T helper cells play a central role in orchestrating immune responses in humans. Upon encountering a foreign antigen, T helper cells are activated followed by a differentiation process where the cells are specialised to help combating the infection. Dysregulation of T helper cell activation, differentiation and function has been implicated in numerous diseases, including autoimmunity and cancer. Whereas gene-regulatory networks help drive T-cell differentiation, acquisition of stable cell states require heritable epigenetic signals, such as DNA methylation. Indeed, the establishment of DNA methylation patterns is a key part of appropriate T-cell differentiation but how this is regulated over time remains unknown. Methylation can be directly attached to cytosine residues in DNA to form 5-methylcytosine (5mC) but the removal of DNA methylation requires multiple enzymatic reactions, commonly initiated by the conversion into 5-hydroxymethylcytosine (5hmC), thus creating a highly complex regulatory system. This thesis aimed to investigate how DNA methylation is dynamically regulated during T-cell differentiation.

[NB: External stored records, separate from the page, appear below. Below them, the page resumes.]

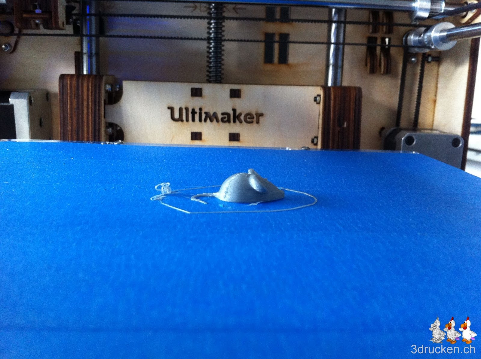 Trotz vielen Widerwärtigkeiten gelang es uns den neuen Ultimaker Heute in Betrieb zu nehmen. Ein unpassendes Teil und einige Fehler beim Zusammenbau rangen uns fast den ganzen Tag ab. Doch kurz nach 17.30 Uhr war es soweit: Der Ultimaker druckte die erste Maus.
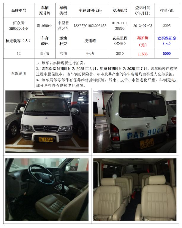 拍品編號(hào)2:匯眾牌SH6530G4-N中型普通客車1輛
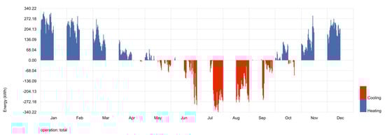 In Equation (5) [], represents the carbon emissions per unit building area during the building operation phase (kgCO2e/m), is the annual consumption of type ith energy (unit/a), is the type i energy’s carbon emission factor (tCO2/tJ), y is the design lifetime of the building, and A is the building area (m).
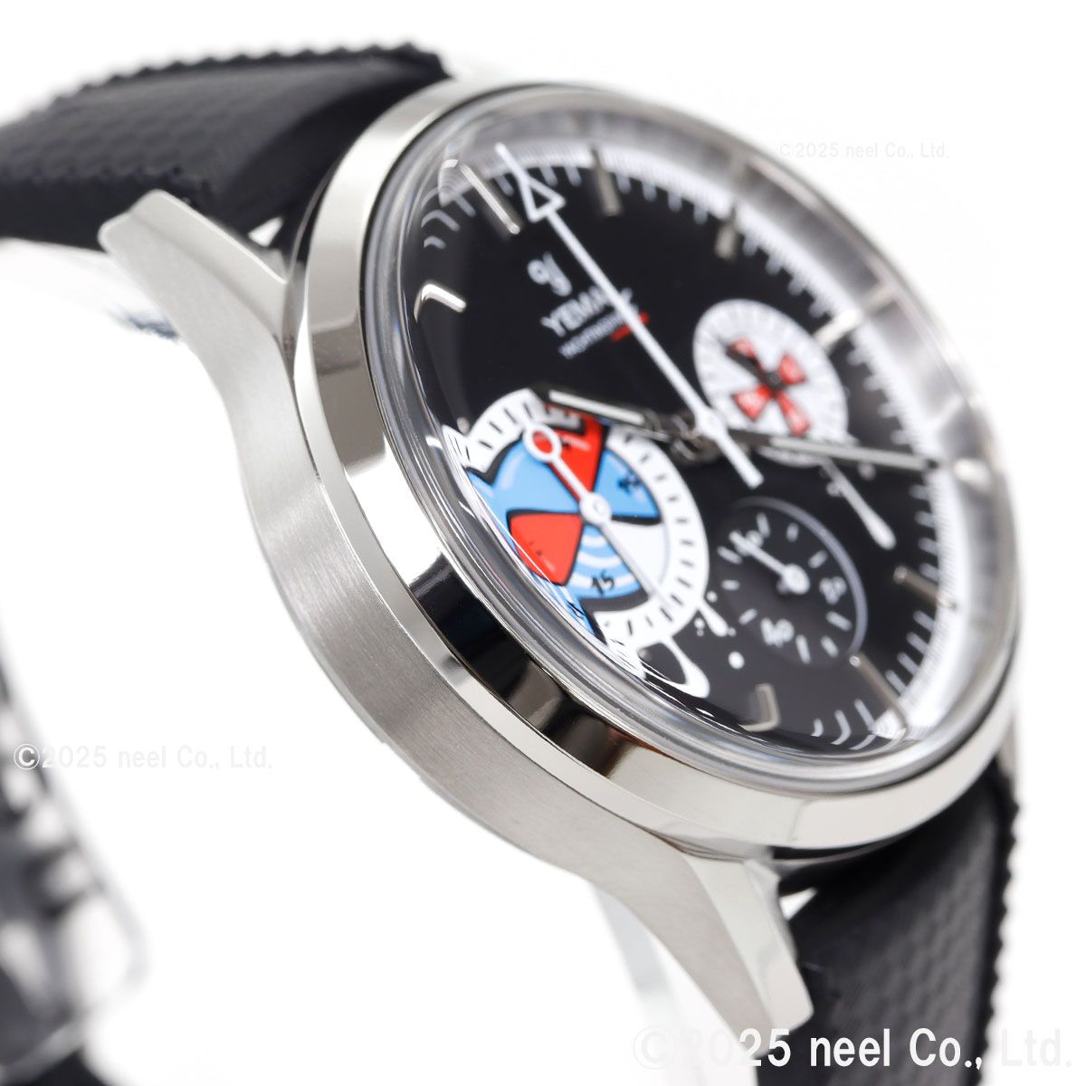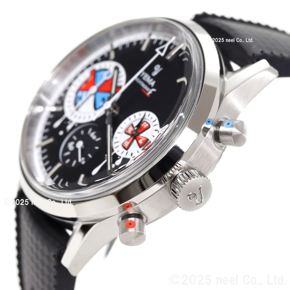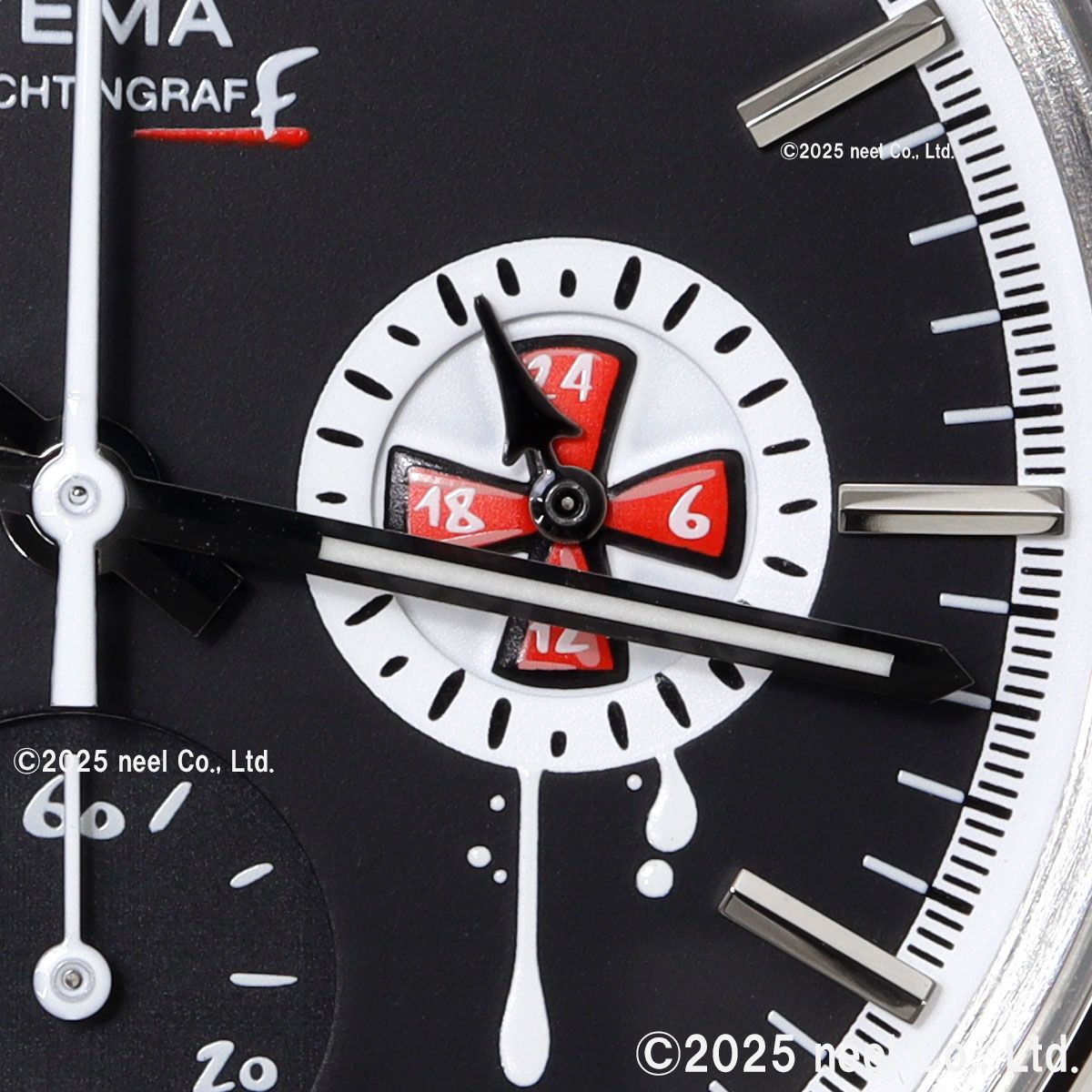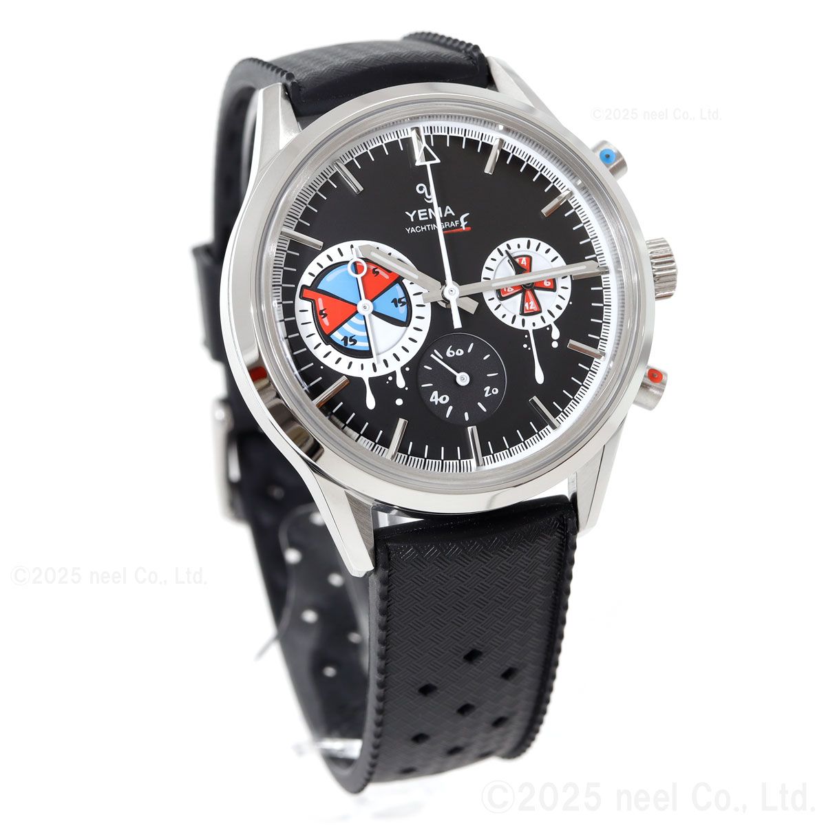 フランス・パリの時計アーティスト、ロマリック・アンドレ氏が率いるseconde/seconde/(セコンド/セコンド)とのコラボレーションモデル。1960年代の歴史的なセーリングクロノグラフが、業界で最も魅力的な『時計の破壊者』のキャンバスに生まれ変わりました。YEMAのヘリテージである『ビッグアイ』のヨッティングラフを、アナーキーでポップなデザインにリミックス。レース中にストリートアーティストに殴られたような文字盤と、小さなスプレー缶のキャップを思わせるクロノグラフプッシャーがユーモラスにその反骨精神を体現しています。裏蓋には『La Croisiere.ma muse』(クルーズ、私のミューズ)という締めのフレーズが刻印。これは70-80年代に放映されたアメリカのTVシリーズ「ラブボート」のフランス語タイトル『La Croisiere s’amuse』(クルーズは楽しい)をもじったものです。
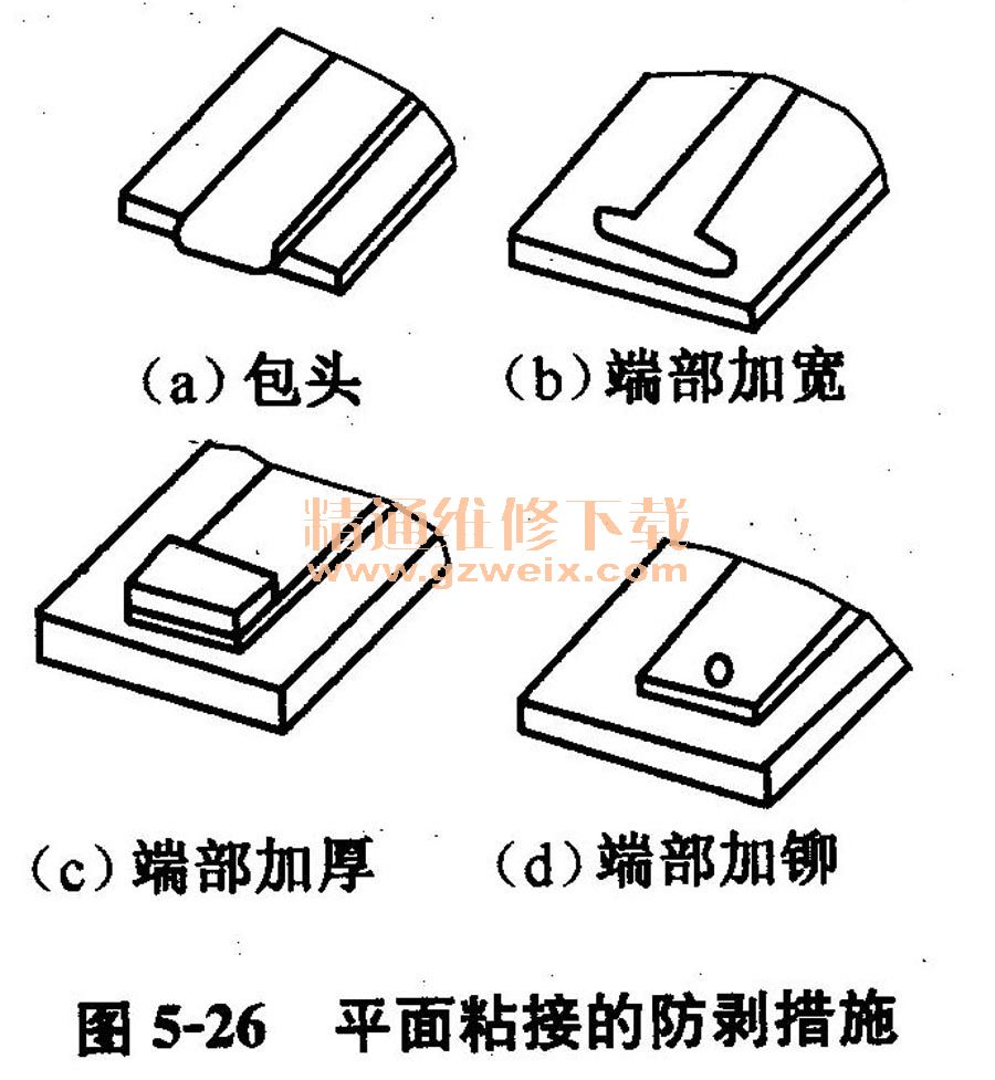 ④平面粘接。它的粘接面積大,粘接強(qiáng)度高,當(dāng)柔性材料和剛性材料之間粘接時,應(yīng)在粘接的邊緣采取防止剝離破壞的措施,如圖5-26所示。

To this end, we employed large-scale profiling techniques combining gene expression as well as genome-wide 5mC and 5hmC measurements to construct a time-series model of epigenetic regulation of differentiation. This revealed that early T-cell activation was accompanied by extensive genome-wide deposition of 5hmC which resulted in demethylation upon proliferation. Early DNA methylation remodelling through 5hmC was not only indicative of demethylation events during T-cell differentiation but also marked changes persisting longterm in memory T-cell subsets. These results suggest that priming of epigenetic landscapes in T-cells is initiated during early activation events, preceding any establishment of a stable lineage, which are then maintained throughout the cells lifespan. The regions undergoing remodelling were also highly enriched for genetic variants in autoimmune diseases which we show to be functional through disruption of protein binding. These variants could potentially disrupt gene-regulatory networks and the establishment of epigenetic priming, highlighting the complex interplay between genetic and epigenetic layers. In the course of this work, we discovered that a commonly used technique to study genome-wide DNA modifications, DNA immunoprecipitation (DIP)-seq, had a false discovery rate between 50-99% depending on the modification and cell type being assayed. This represented inherent technical errors related to the use of antibodies resulting in off-target binding of repetitive sequences lacking any DNA modifications. These sequences are common in mammalian genomes making robust detection of rare DNA modifications very difficult due to the high background signals. However, offtarget binding could easily be controlled for using a non-specific antibody control which greatly improved data quality and biological insight of the data. Although future studies are advised to use alternative methods where available, error correction is an acceptable alternative which will help fuel new discoveries through the removal of extensive background signals.

Taken together, this thesis shows how integrative use of high-resolution epigenomic data can be used to study complex biological systems over time as well as how these techniques can be systematically characterised to identify and correct errors resulting in improved detection.